Having demonstrated the scaling property in these data, we next examined the superposition property. This was done by comparing single-sine with sum-of-sines data. If superposition holds, the responses to single-sine inputs should predict sum-of-sines responses. In other words, if superposition holds for these data, the Bode plots from the two stimulus categories should be identical. Interestingly, the Bode plots (Fig. 5) for the two stimulus categories exhibit unmistakable differences: responses to single-sine stimuli exhibited lower phase lag at mid-range frequencies and greater attenuation at high frequencies than responses to sum-of-sines stimuli (Fig. 5). Because the Bode plots are different across stimulus category, superposition therefore fails. A single linear model cannot account for the responses to both categories of input. However, when analysis is limited to either single-sine or sum-of-sines trials, the high coherence and low variance of frequency response estimates suggest that a linear system might be useful in describing this behavior within each stimulus category.

What is the consequence of the mismatch in FRFs in terms of their predictive power? For a linear system, the linear model furnished by one FRF can be used to predict the temporal response of the system to the same or a different stimulus category (Fig. 6). We used this technique as a mechanism to understand the differences between the linear models for each stimulus category. To do this, we used the single-sine FRF to make predictions of the responses of the fish to sum-of-sines stimuli. Next we compared these predictions to the actual responses of the fish. Specifically, the average single-sine and sum-of-sines FRFs shown in Fig. 5C were used to predict the response of a different fish (not included in the FRF data) to individual sum-of-sines stimuli.

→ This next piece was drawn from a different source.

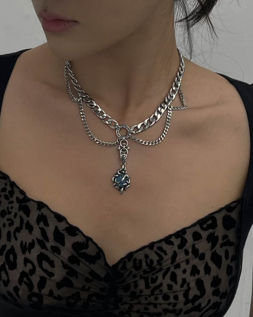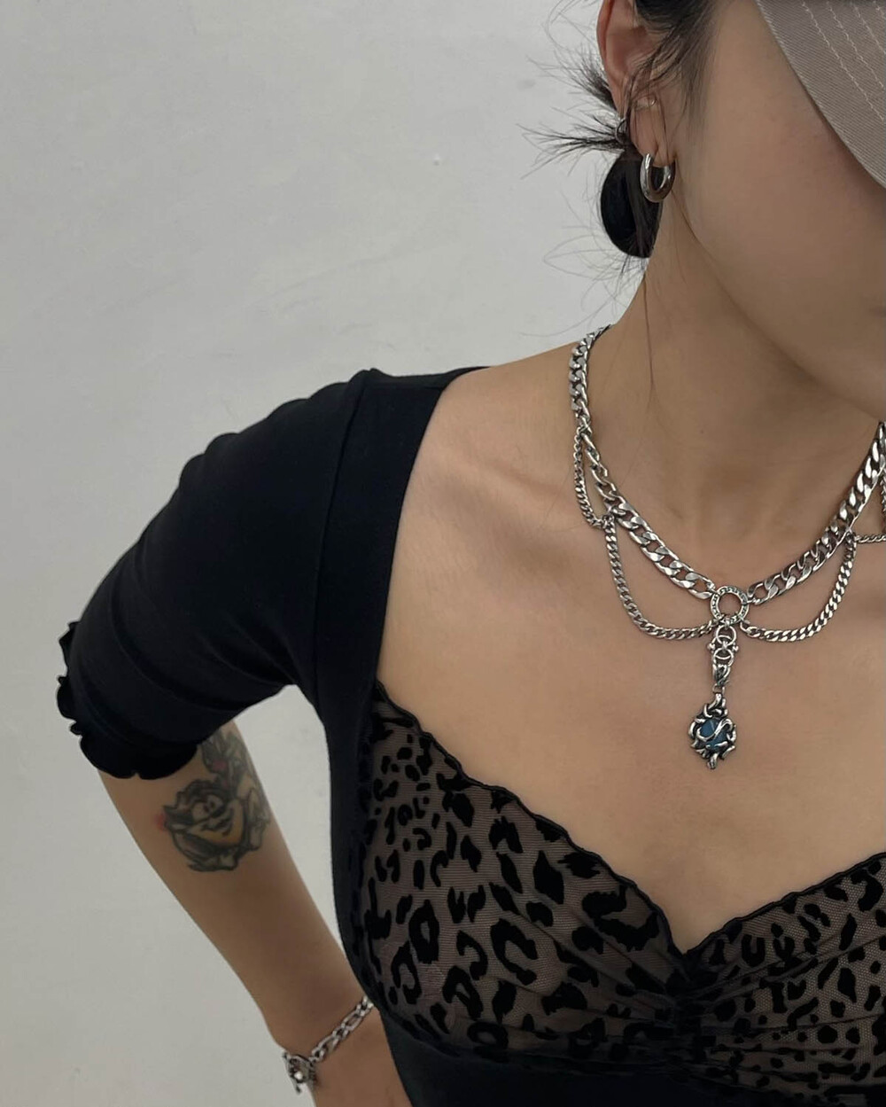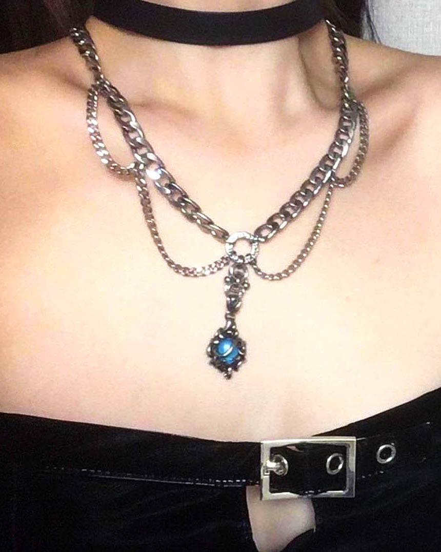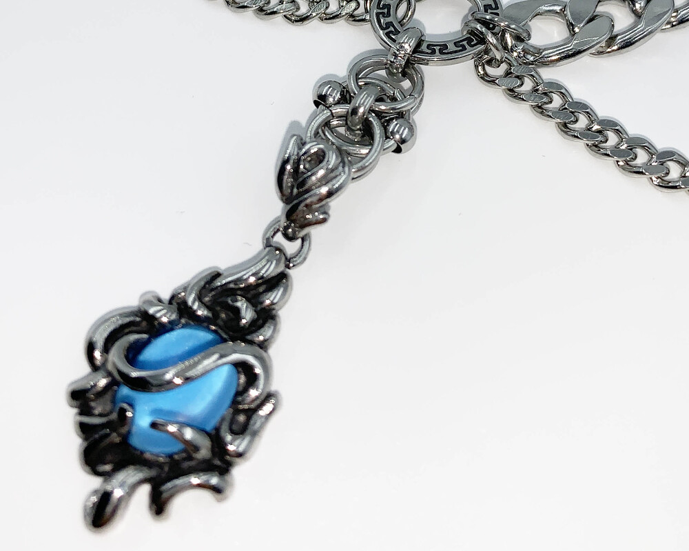 - 체인을 활용한 케이프 쉐입의 독특한 네크리스

For each of the 15 trials, the sum-of-sines FRF model shown in Fig. 5C predicted the response with less root-mean-squared error than the single-sine FRF model; the mean improvement was 36.7%, the minimum improvement was 12.0% and the maximum improvement was 64.3%. As expected, the FRF from singe-sine data does not generalize to spectrally different stimuli, probably because of the nonlinearity revealed by the FRF data (Fig. 5). The consequence of the nonlinearity between stimulus categories is that fish perform better in response to predictable stimuli than to unpredictable stimuli.

### Fish adapt to changes in stimulus

We next investigated the time course of the transition between the two responses, focusing specifically on the response to stimuli at 0.55 Hz where phase shows maximal change. However, current methods for estimating the time-varying phase of a signal often yield noisy or unreliable results for short time intervals, and in fact instantaneous estimation of phase for dynamical systems remains an area of active research (e.g. Revzen and Guckenheimer, 2008). Towards wholly describing the transition between sum of sines and single sine, we present phase analyses at three timescales: one 30 s window, six 5 s windows, and a continuous phase estimate (see Fig. 7).

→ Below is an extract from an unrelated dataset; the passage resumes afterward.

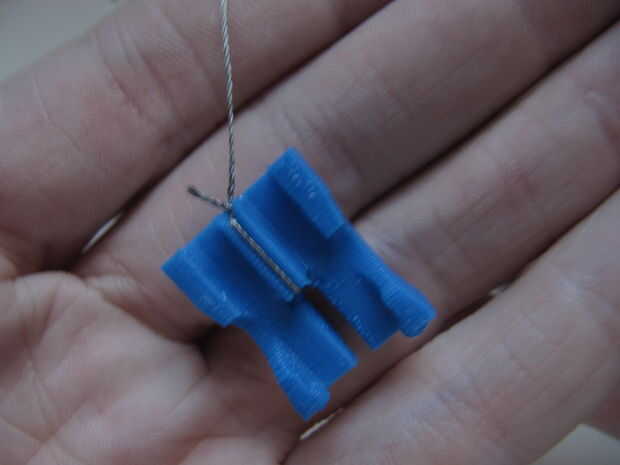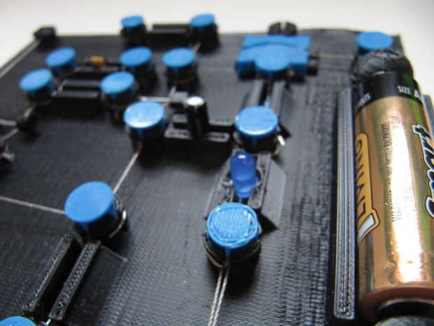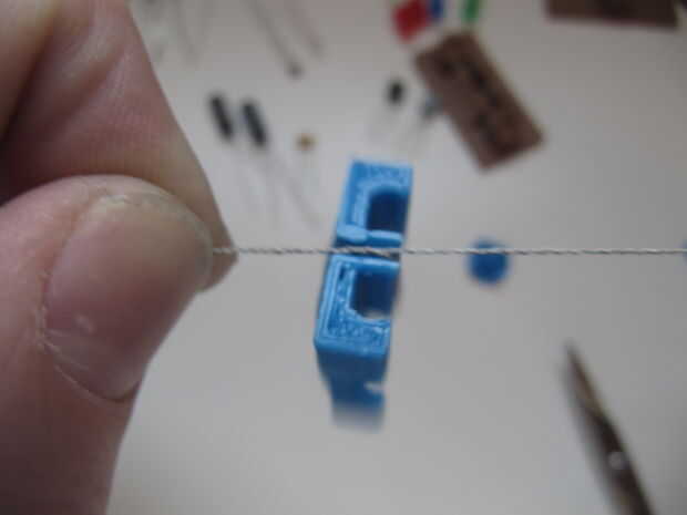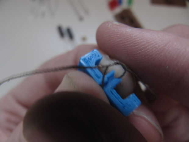 - Interruptor: este tiene dos componentes. La base del interruptor se coloca en tu circuito y tiene dos pinzas a cada lado. Conectar un extremo del interruptor envolviendo estas dos clavijas, pero asegúrese de que el subproceso ejecuta directamente a través como en la imagen. Para la segunda parte, comenzar con la palanca por separado impresa. Forma un bucle alrededor de la parte frontal del interruptor, donde se realizará la conexión con el hilo que sólo ejecutó. Seguir el hilo a lo largo de las ranuras y un nudo en la parte trasera del interruptor, lo mas ajustado posible. Cortar el hilo sobrante, pero está bien dejar un poco ahí. Una vez hecho esto, coloque el interruptor en el circuito (aún con el otro extremo del hilo sin ataduras). Asegúrese que el interruptor esté en la posición ON antes de que envuelva la rosca floja alrededor de la otra clavija, de lo contrario no habrá suficiente holgura y va bien no ser capaz de cambiar, o a forzarla y enganchará el hilo.

At the coarsest level, the asymptotic phase - calculated as the FFT estimate of phase from the second half (30) of each stimulus regime - reveal phase lag reductions of 10.8, 13.9 and 18.7 deg, which is less than the mean 33.9 deg reduction observed in the first population of fish. A more refined view of the adaptation is captured by dividing the 30 s following transition into six consecutive non-overlapping 5 s windows. For the first two fish, a trend seems to emerge, possibly suggesting an exponential decay to the asymptotic phase. However, because of the variance of the phase estimate (standard deviation shown as black error bars) any estimate of a time constant for such decay would be tenuous. For the third fish, volitional movement and/or other sources of motion noise, yield phase estimation at this time scale that is unreliable. At the most refined time scale, we use the argument of the analytic signal to generate a continuous estimate of phase (shown in green) (Revzen and Guckenheimer, 2008). Although this approach yields a noisy estimate it highlights an important trait of the transition: the variance of the phase estimate is lower in the single-sine regime. This may partially be attributed to the method used for phase estimation but we suspect that this reduction in variance results at least in part from changes to the behavior that occur during adaptation to the switch in the stimulus.

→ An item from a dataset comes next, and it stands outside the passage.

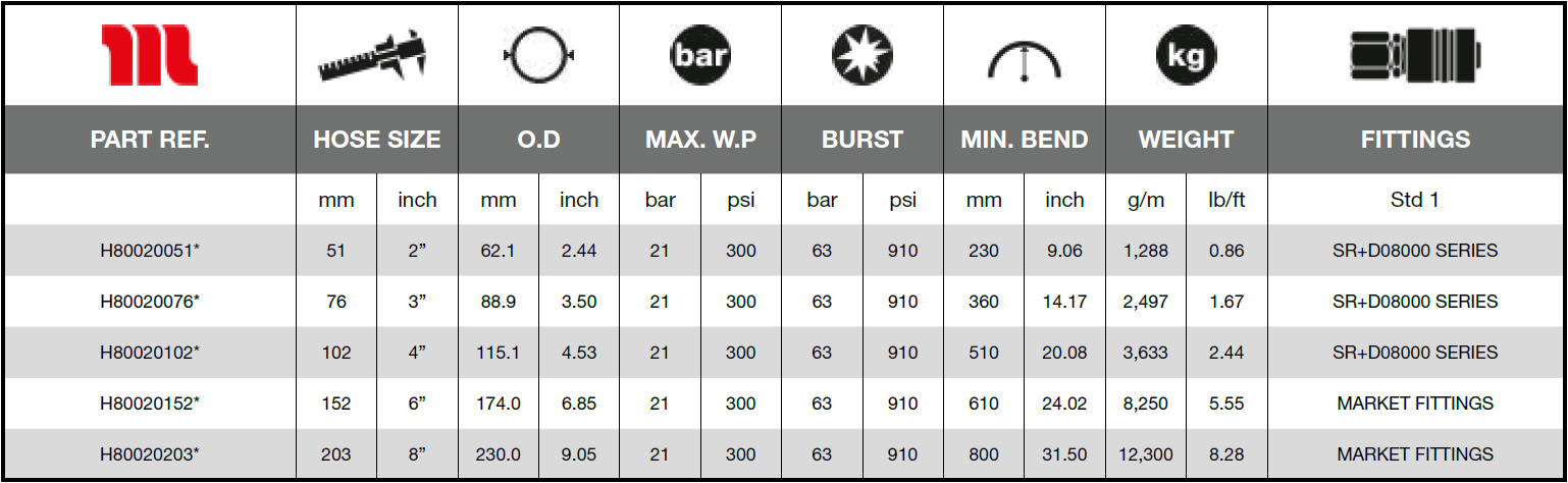 | CONTINUOUS SERVICE TEMPERATURE RANGE -30 °C, -22 °F 90 °C, 194 °F TUBE NBR rubber, abrasion resistant, thick tube REINFORCEMENT COVER APPLICABLE SPECS STANDARD PACKAGING |

### Adaptation to single-sine stimuli reduces tracking error

Having observed categorically different FRFs elicited by single-sine and sum-of-sines stimuli, we hypothesized that this nonlinearity was indicative of a stimulus-mediated adaptation. In this section we explore the benefits of such an adaptation: whether tracking performance for single-sine stimuli improves compared with the response to sum-of-sines stimuli and the energetic trade-offs of improved performance. In order to address these questions, we consider yet another representation of the frequency response, as complex phasors.

When considering the tracking behavior in terms of phasors on the complex plane, gain is measured as the distance from the origin and phase measured as the angle (counter clockwise) from the positive real axis. Hence, unity gain is represented by a unit circle and zero phase corresponds to the positive real axis (Fig. 8A). The intersection of the unit circle with the positive real axis, the point 1+*i*0, indicates perfect tracking. The magnitude of the error signal (the sensory slip) is measured as the distance between the empirical phasor (represented as a point on the complex plane) and the perfect tracking point.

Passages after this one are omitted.